И.: Тренин совершенно обаятельный, очень чистый человек и талантливый, по-моему, работник.

Д: Очень.

И.: Все, что он делал, он делал талантливо и добросовестно. Вообще, был чрезвычайно милым, ну, просто, такой близкий моей душе человек, что мне даже трудно его объективно охарактеризовать. В конце концов, Николай Иванович несколько подпортил и наши отношения, но… не до конца. Тренин погиб в первые дни войны.

Д.: Месяцы. Он в ополчении погиб.

И.: Он погиб в ополчении, куда они вместе с Харджиевым пошли, и причем, как мне рассказывали, не знаю, справедливо ли, в общем, удалось Харджиеву уехать и он мог взять и Тренина, но… в общем, боялся задержаться и… Тренина оставил, а сам уехал.

Д.: Это, конечно, очень жестокое обвинение. Но могу только сказать тоже в дополнение [свое] впечатление. Я увидел Николая Ивановича Харджиева в научном зале Ленинской библиотеки… Помните, левое крыло?

И: Да, конечно.

Д:…во время войны, уже тогда, когда стали возвращаться из ополчения. Там была пересортировка: ликвидировали ополченческие дивизии, [некоторых] взяли в армию, а кое-кого отправили в тыл. Я ни от кого ничего не слышал. Я слышал самого Николая Ивановича. Совершенно понятно, что он, конечно, о себе дурного не говорил, но… Я сейчас не могу сказать: ни подтвердить, ни опровергнуть то, что вы сказали, но я помню свое эмоциональное впечатление, что что-то тут неладно. Где-то они были вместе, на каком-то, по-моему, острове речном, может быть, я и путаю.

И.: Нет, кажется, просто на дороге.

Д.: В общем, куда-то он… Но у меня такое осталось ощущение, что он все-таки оставил друга в ситуации, в которой, по фронтовым тогдашним, так сказать, законам, не имел права оставить.

И.: Да…

Д.: Вот такое ощущение у меня осталось.

И.: У меня тоже.

Д.: Но я оговариваюсь и перед вами, и перед будущим, что это только ощущение.

И.: Да, но у меня впечатление такое же. Я тоже не был свидетелем.

Д.: Причем впечатление на основе рассказов самого Харджиева сразу после событий.

И.: Да, вероятно, потом эта его трактовка изменилась, в его рассказах.

Д.: Он был смущен, когда рассказывал… Черта, которая никогда у него…

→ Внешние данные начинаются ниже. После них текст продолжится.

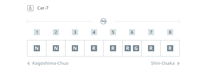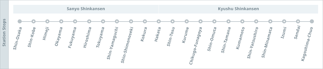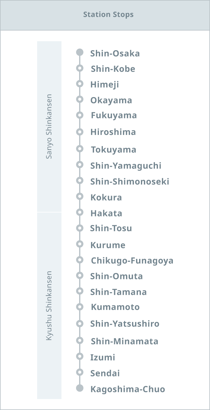 N700-series train runs from Kyushu through the Setouchi region. The exterior is a celadon-like glowing blue-white color. The wood and a deep-toned fabric interior provides a simple yet classy atmosphere.
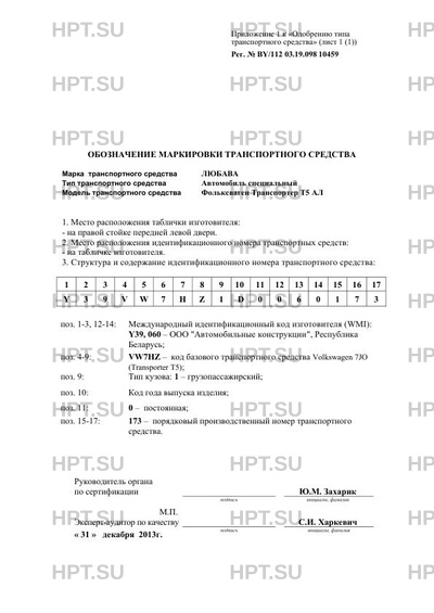 | Тип ТС | Фольксваген Транспортер Т5 АЛ |
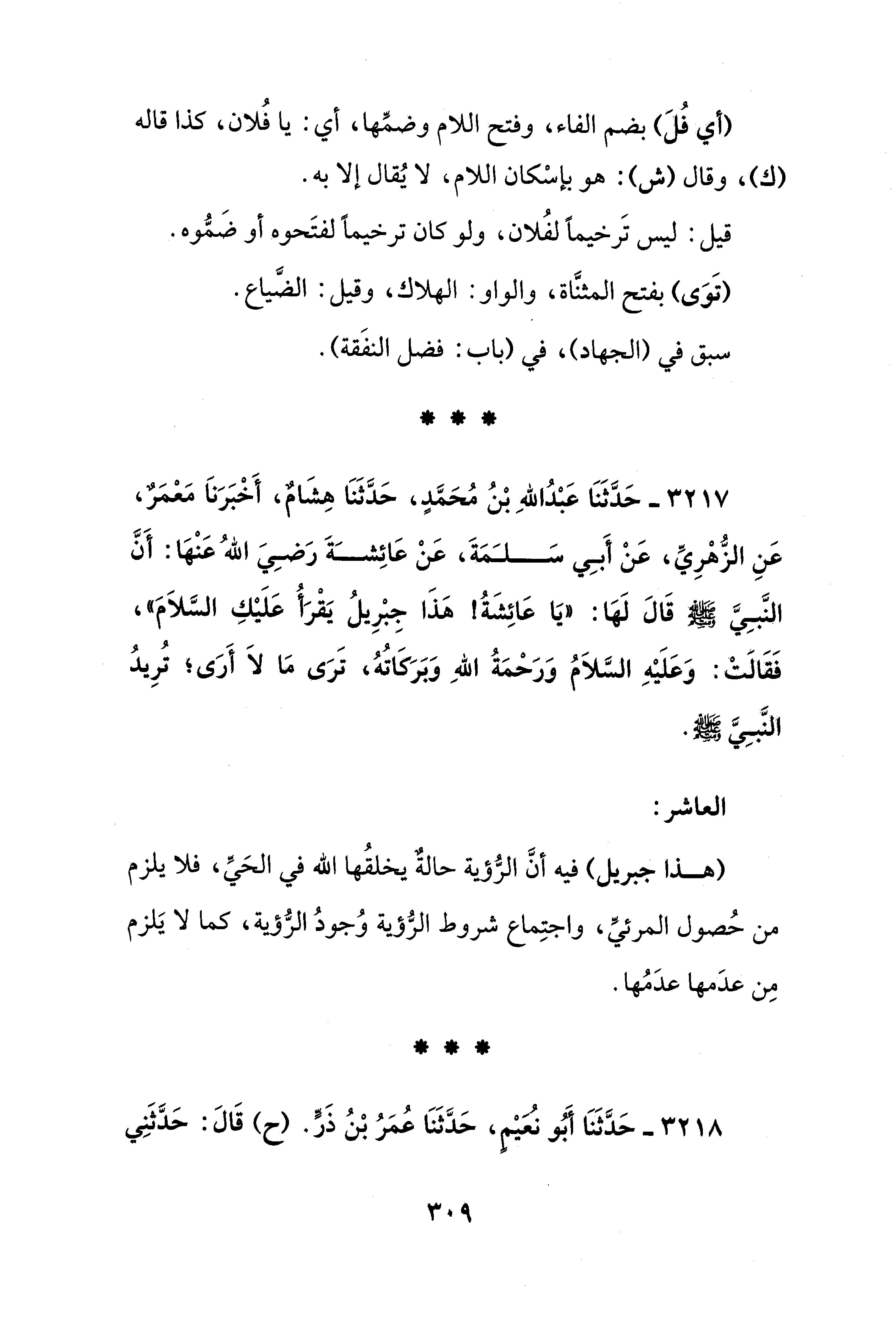3217 - حَدَّثَنَا عَبْدُ اللهِ بْنُ مُحَمَّدٍ، حَدَّثَنَا هِشَامٌ، أَخْبَرَنَا معمر، عَنِ الزُّهْرِيّ، عَنْ أَبِي سَلَمَةَ، عَنْ عَائِشَةَ رَضِيَ اللهُ عَنْهَا: أَنَّ النَّبِيَّ - صلى الله عليه وسلم - قَالَ لَهَا: "يَا عَائِشَةُ! هَذَا جِبْرِيلُ يَقْرَأُ عَلَيْكِ السَّلاَم"، فَقَالتْ: وَعَلَيْهِ السَّلاَمُ وَرحمَةُ اللهِ وَبَرَكَاتُه، تَرَى مَا لاَ أَرَى؛ تريدُ النَّبِيَّ - صلى الله عليه وسلم -.

И.: Это очень интересно, потому что я не слышал такого свидетельства того времени. Я со второго дня войны был на флоте, в Севастополе, в обороне Севастополя. Буквально на следующий день после объявления войны мы туда выехали, небольшая группа писателей, и вернулся я только после конца войны [138].

До конца дней своих отец отзывался о Николае Ивановиче холодно, но уважительно, однако не скрывал, что доверия к нему не испытывает.

Если не о ссоре, то о примирении могу рассказать – это произошло на моей памяти: Николай Харджиев посетил моего отца. При беседе я не присутствовала, ограничилась тем, что сервировала чай в кабинете отца и оставила друзей-врагов выяснять наедине их амбивалентные взаимоотношения. Николай Иванович вышел от отца взволнованный и растроганный, повторяя одну фразу: “Он узнаваем! Он узнаваем!” Что имел в виду Н.И.? Вряд ли только внешний облик: они ведь нет-нет да пересекались в Союзе писателей, на литературных вечерах, юбилеях, разного рода встречах, не могли не видеть, как менялись с годами знакомые с юных лет лица. Скорее, узнал в бывшем друге ту твердость и бескомпромиссность оценок в следовании моральным нормам, что некогда развела их. Знаю, что речь шла о Владимире Тренине, не о гибели, а о посмертном издании написанных в соавторстве книг. “Нельзя, чтобы мертвый тянул за собой живого”, – сказал Харджиев в ответ на упрек отца, упомянувшего об обложках книг, где авторы Владимир Тренин и Николай Харджиев в нарушение принятого порядка размещать имена по алфавиту поменялись местами. О том, что Харджиев пошел дальше и с фотографии 1933 года, где был запечатлен с Казимиром Малевичем, удалил “затесавшихся” между ними своих близких друзей Владимира Тренина и Тедди Грица, отец, по счастью, не знал, и хорошо, что не узнал.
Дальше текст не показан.